Benefits of technology

[0007]SPR technology exploits surface plasmons (special electromagnetic waves) that can be excited at certain metal interfaces, most notably silver and gold. When incident light is coupled with the metal interface at angles greater than the critical angle, the reflected light exhibits a sharp attenuation (SPR minimum) in reflectivity owing to the resonant transfer of energy from the incident light to a surface plasmon. The incident angle (or wavelength) at which the resonance occurs is highly dependent upon the refractive index in the immediate vicinity of the metal surface. Binding of biomolecules at the surface changes the local refractive index and results in a shift of the SPR minimum. By monitoring changes in the SPR signal, it is possible to measure binding activities at the surface in real time. Traditional SPR spectroscopy sensors, which measure the entire SPR curve as a function of angle or wavelength, have been widely used, but offer limited throughput. The high-throughput capability of a high-throughput SPR instrument is largely due to its imaging system. The development of SPR imaging allows for the simultaneous measurement of thousands of biomolecule interactions.

[0009]The SPR instrument is an optical biosensor that measures binding events of biomolecules at a metal surface by detecting changes in the local refractive index. The depth probed at the metal-aqueous interface is typically 200 nm, making SPR a surface-sensitive technique ideal for studying interactions between immobilized biomolecules and a solution-phase analyte. SPR technology offers several advantages over conventional techniques, such as fluorescence or ELISA (enzyme-linked immunosorbent assay) based approaches. First, because SPR measurements are based on refractive index changes, detection of an analyte is label free and direct. The analyte does not require any special characteristics or labels (radioactive or fluorescent) and can be detected directly, without the need for multistep detection protocols. Secondly, the measurements can be performed in real time, allowing the user to collect kinetic data, as well as thermodynamic data. Lastly, SPR is a versatile technique, capable of detecting analytes over a wide range of molecular weights and binding affinities. Therefore, SPR technology is a powerful tool for studying biomolecule interactions. So far, in research settings, SPR based techniques have been used to investigate protein-peptide interactions, cellular ligation, protein-DNA interactions, and DNA hybridization. However, SPR based approaches have not yet been explored in clinical medicine, especially in clinical laboratory medicine.
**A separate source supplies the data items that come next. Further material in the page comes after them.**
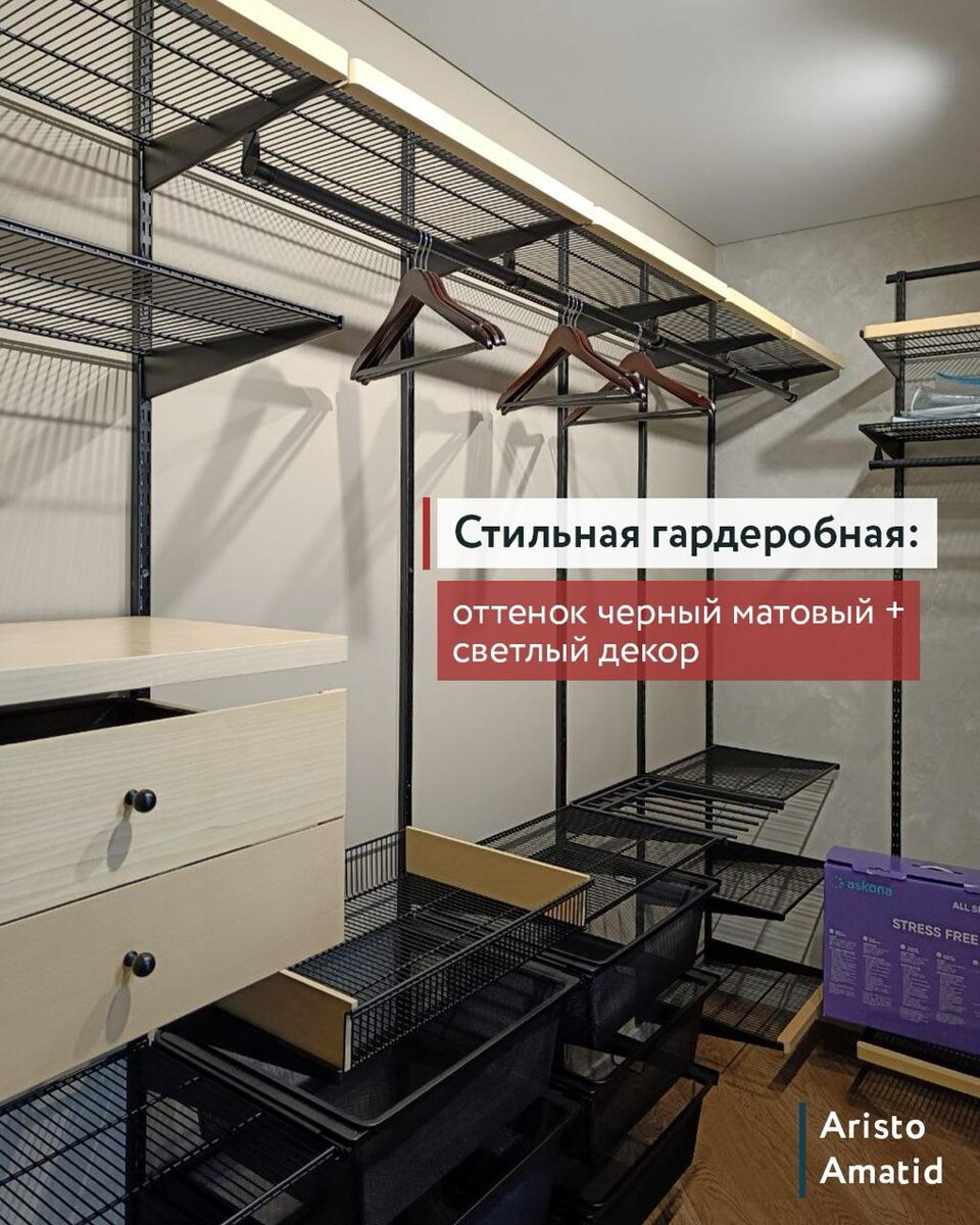 Система хранения может быть не просто удобной, но и красивой. Например, сочетание черной гардеробной системы со светлым декором — беспроигрышная классика: 🔶 Черный матовый металл смотрится выразительно и подчеркивает геометрию. 🤍 Светлые стены, фасады или полки добавляют ощущение простора. Вместе получается контраст, который делает гардеробную акцентом в интерьере и радует глаз. В Аматид мы поможем продумать наполнение и оформить пространство так, чтобы оно было функциональным и стильным одновременно. Пишите — подберем красивое и удобное решение. •Консультируем здесь @Amatidru •Или по тел.: +79219170608 •2 салона СПб, монтажные бригады СПб и Мск •Отправляем в другие города •Можно купить в рассрочку
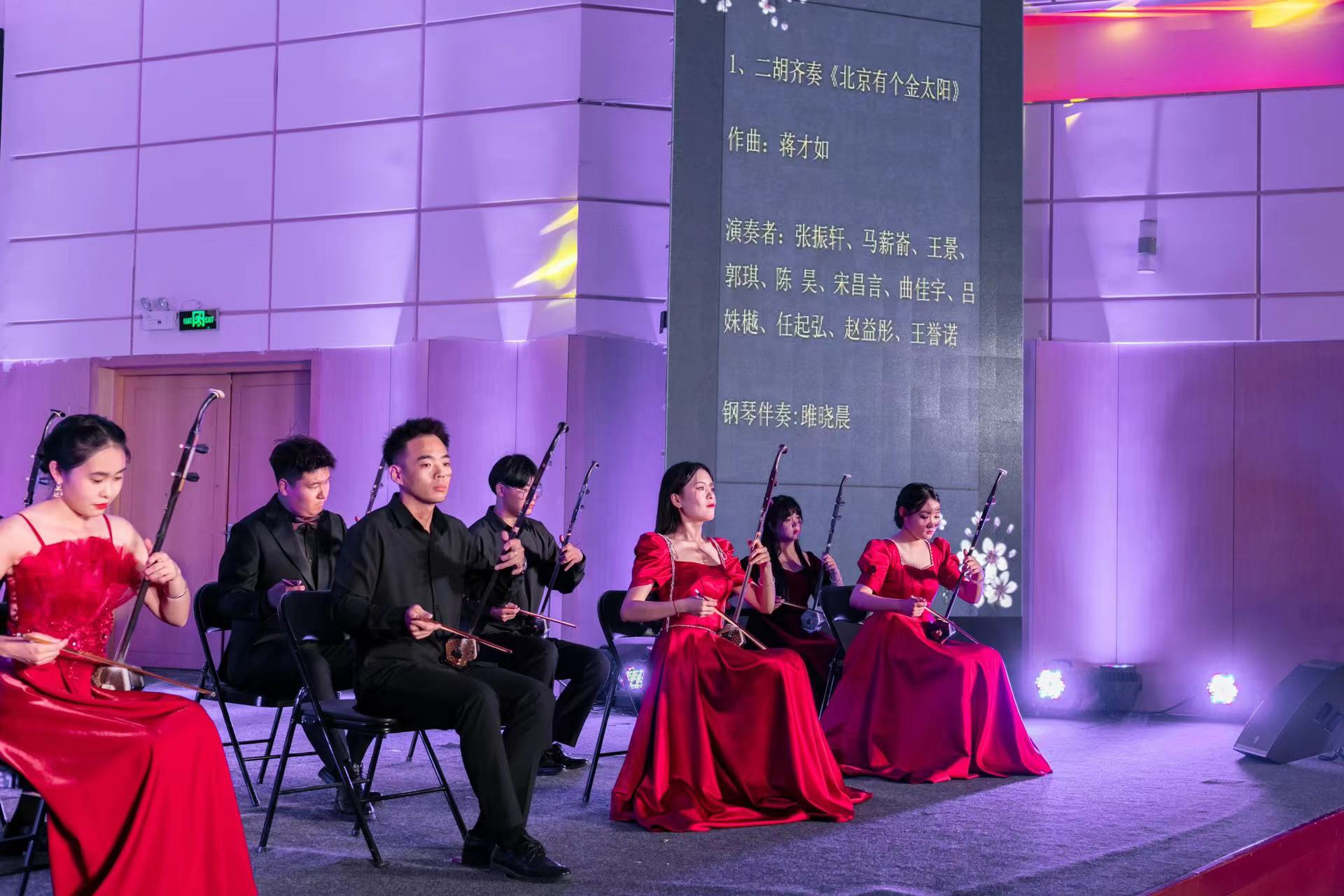 本次音乐会节目形式多样,以独奏、重奏、齐奏、合奏等形式,充分展现了各年级学生的专业水平。音乐会以《北京有个金太阳》《权利的游戏》为开场演出,展现了二胡与竹笛的独特音色魅力。随后一首二胡独奏曲《三门峡畅想曲》,带领现场观众领略三门峡水库的风采。歌颂九儿英勇无畏、视死如归精神的竹笛曲《红高粱叙事曲》、二胡齐奏《战马奔腾》《奔驰在千里草原》、二胡独奏《红梅随想曲》、竹笛独奏《蝴蝶梦》第一乐章【梦蝶】《燕归来》、竹笛三重奏《春到湘江》《枣园春色》、竹笛四重奏《喜相逢》依次上演。其中竹笛曲《红高粱叙事曲》《春到湘江》《枣园春色》是由张艺凡老师改编三重奏的形式全新演绎,受到了一致好评。最后音乐会以民乐合奏《光明行》圆满落下帷幕。
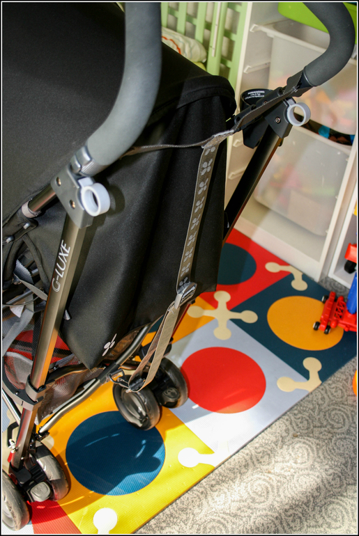 Так же имеется ремень для переноски коляски в сложенном виде. Он регулируется по длине и его можно полностью снять при ненадобности или для для стирки. Нет подушечки для плеча. Это не критично, но могли бы уж.
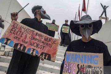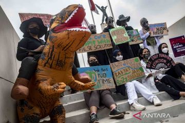 Aktivis dari Koalisi Jeda untuk Iklim, XR Indonesia, BEM FMIPA UI dan organisasi kaum muda melakukan aksi kreatif "Global Climate Strike (GCS)" di Taman Lapangan Banteng, Jakarta, Jumat (23/9/2022). Aksi yang mengkritisi persoalan krisis iklim dan dampaknya tersebut mengusung tema #PeopleNotProfit. ANTARA FOTO/Aprillio Akbar/wsj.
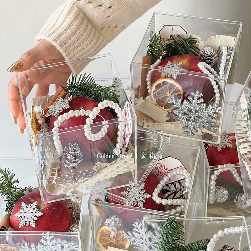 Christmas apple box packaging box, Acrylic transparent Christmas apple gift box, high-end Christmas Eve gift box, empty box
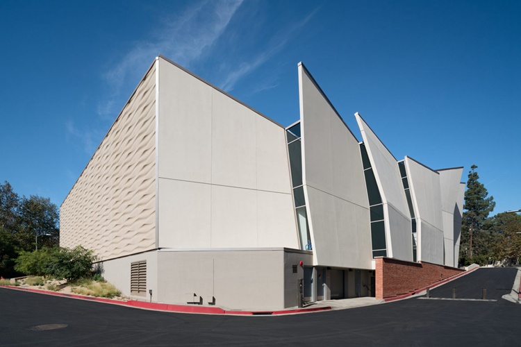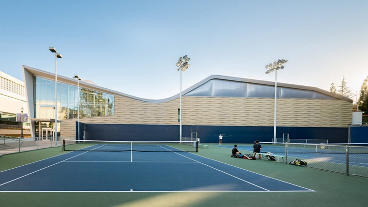 加州Kevin Daly事务所设计了UCLA大学篮球馆。该项目名为Mo Ostin篮球中心,供大学男女篮球队共同使用,两支球队都排名全美前五位。建筑设有翅状的墙板机构和流畅的屋面线条,设有多个天窗。项目总面积达37万平米,采用了斜面墙板和波浪形、砂岩状外立面。坐落在角落位置,该训练中心采用薄层玻纤增强混凝土定制板材,采用场外预制,营造了温暖的流畅形态。
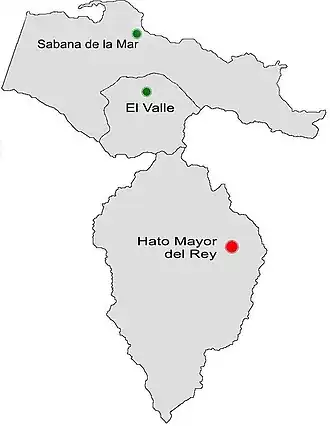 | Hato Mayor del Rey | Guayabo Dulce - Mata Palacio - Yerba Buena | 653.8 km² |
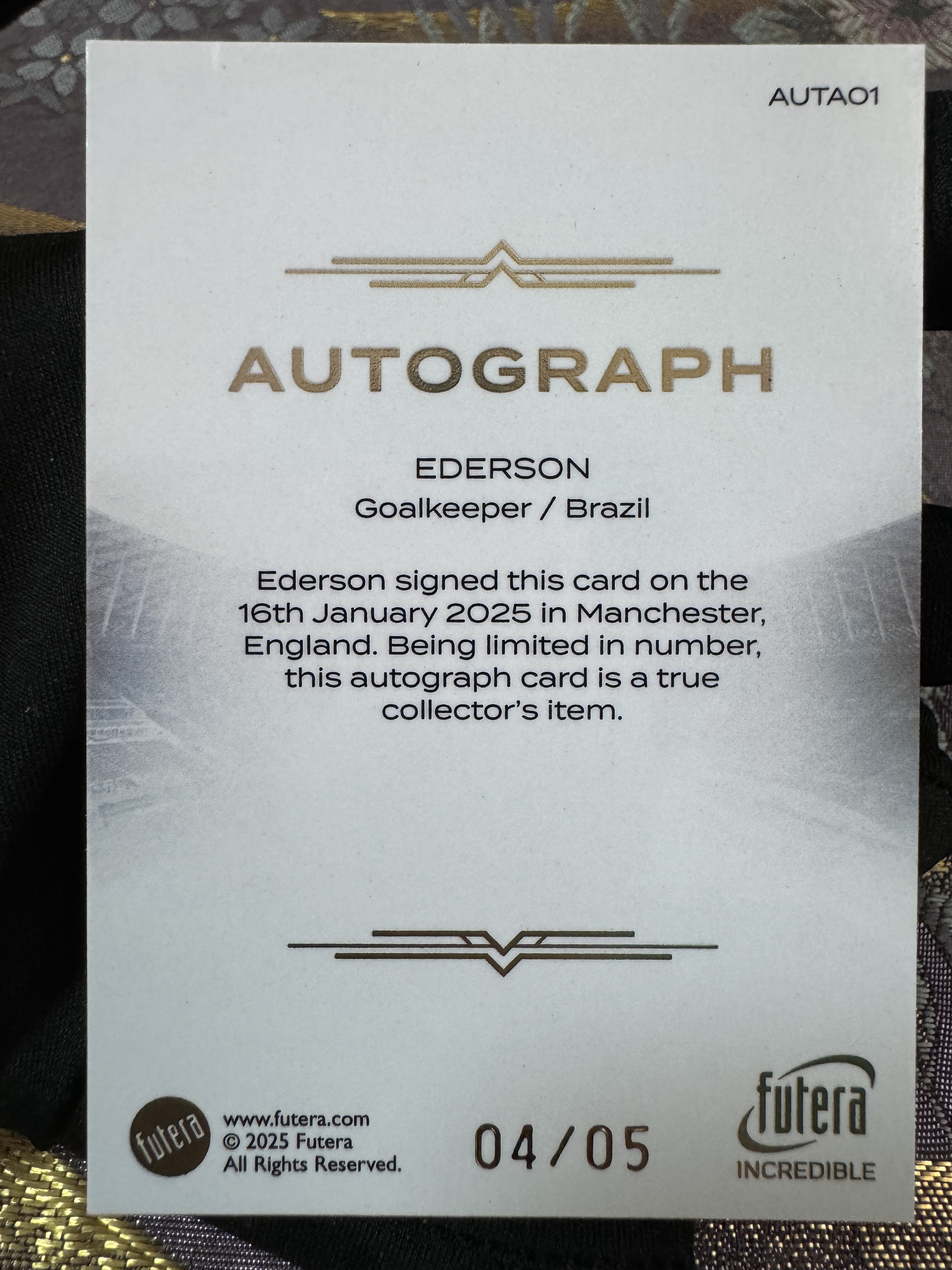2025 Futera Futera Unique Ederson 福特拉 巴西 曼城 伟业缔造者 超级巨星 埃德森 顶级门将 投资大热 大比例 金框 卡签 04/05编 签字 完美墨迹 实卡精美
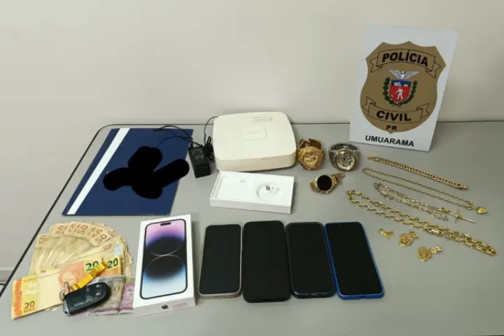 De posse dos mandados, os agentes da Polícia Civil de Umuarama foram até a residência do suspeito e o encontraram no local. Em seguida, realizaram busca na residência e realizaram a apreensão de um veículo Jeep Compass, quatro aparelhos celulares, R$ 1.974,00 em espécie, quatro mil guaranis (moeda estrangeira), joias, um aparelho DVR, vários documentos pessoais falsificados, além de outros documentos de interesse para as investigações.
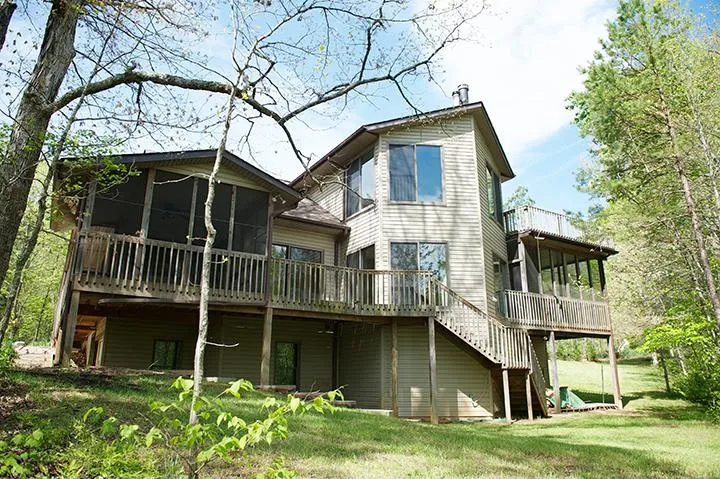 Secluded compound of two homes in a very private setting in the middle of 41 wooded acres just minutes from Scottsville and the James River. Large windows and multiple decks/porches bring the outdoors in and enhance the sense of peace and tranquility. A huge workshop/garage also has a separate 1540 square foot finished apartment, with 2 bedrooms, deck, and screened porch. Plenty of storage in both buildings. The land is all wooded with 2 creeks running through it. This property is extremely private, yet still an easy 20 mile drive to Charlottesville.
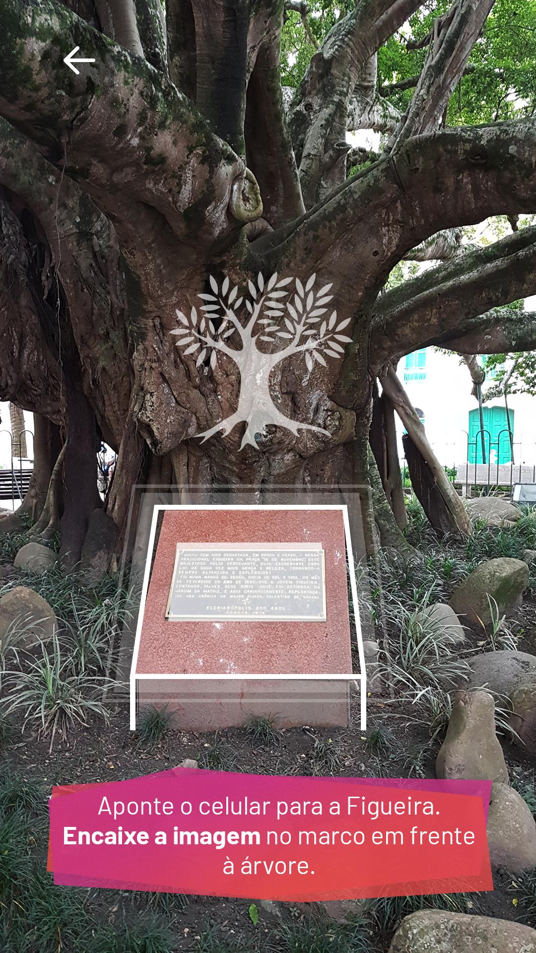 Para ver a Figueira animada, o usuário habilita a câmera do celular, aponta para a árvore e encaixa o marcador no local indicado. A Figueira aparece em Realidade Aumentada e o usuário pode escolher no menu o que quer ver, além de compartilhar os videos parar outros.
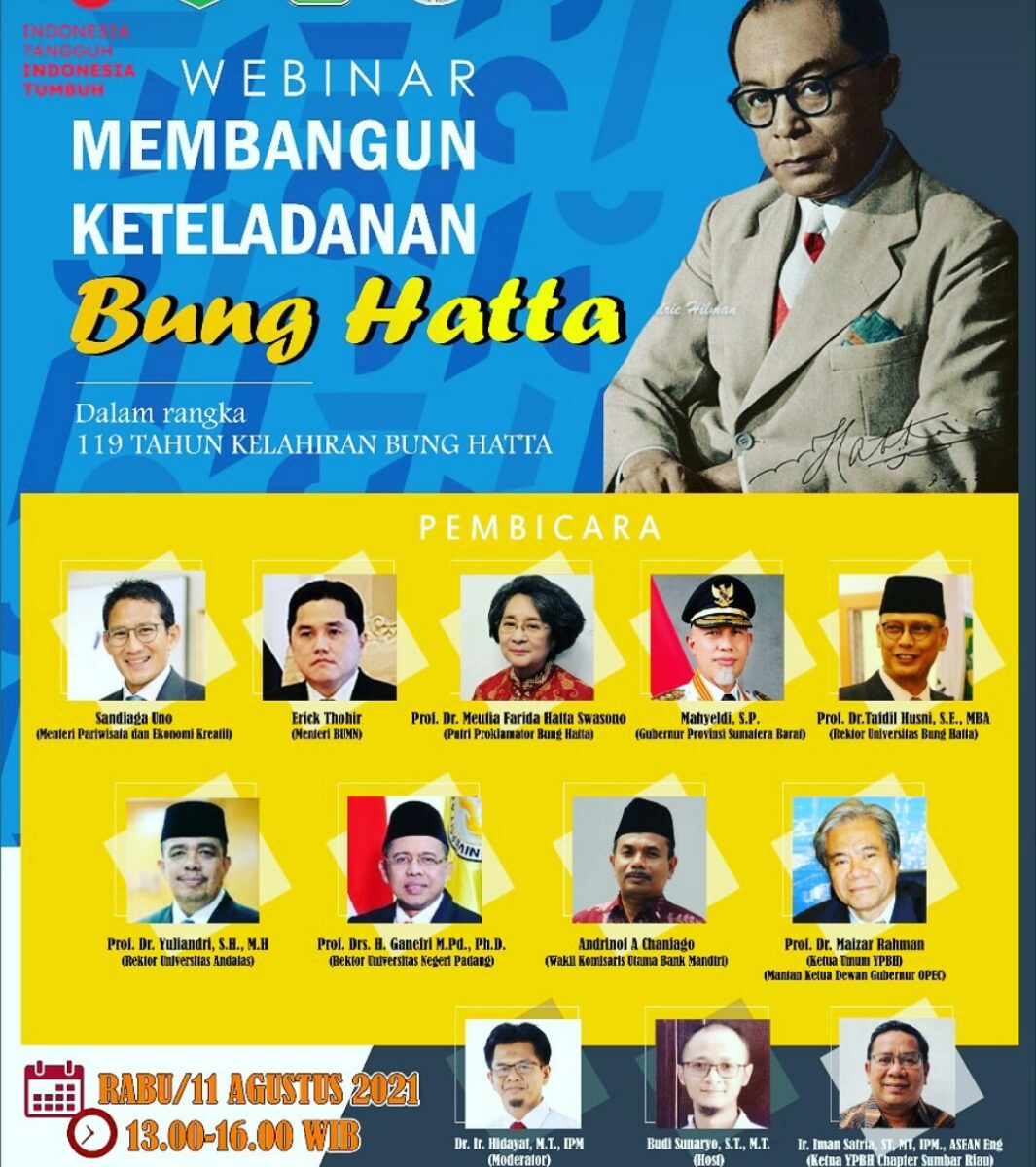 Tahun 2021 ini, Universitas Bung Hatta bekerjasama dengan Pemerintah Propinsi Sumatera Barat dan Yayasan Proklamator Bung Hatta, akan menggelar Webinar dengan mengangkat tema “Membangun Keteladanan Bung Hatta”

[0043]The present invention generally relates to a method of using SPR technology to detect tumor markers. More specifically, the present invention relates to using SPR technology to qualitatively detect different tumor markers in cell protein extracted from a tumor tissue, and used for the diagnosis of undifferentiated tumors. In addition, the present invention provides an efficient formula to make a mixed SAM that can greatly enhance the immobilization ability of the metal surface, which is desirable for the immobilization of monoclonal antibodies of tumor markers to be detected.

[0044]To detect tumor markers and used for the diagnosis of undifferentiated tumors, the tumor markers suitable for the present invention can be selected from the group consisting of Ker, EMA, LCA, S-100, HMB-45, PLAP, Desmin, MBP, FVIII-R:Ag, NF, and CG. To enhance the sensitivity and specificity of the SPR immunoassay, a link layer is attached onto the gold film on the surface of a glass chip which serves as a functional structure for further modification of the gold film surface. So far, several immobilization chemistries are suitable for the formation of the link layer, including alkanethiols, hydrogel, silanes, polymer films and polypeptides. Moreover, there are several methods to attach the link layer onto the thin gold surface, such as the Langmuir-Blodgett film method and the self-assembled monolayer (SAM) approach.

Problems solved by technology

Traditional SPR spectroscopy sensors, which measure the entire SPR curve as a function of angle or wavelength, have been widely used, but offer limited throughput.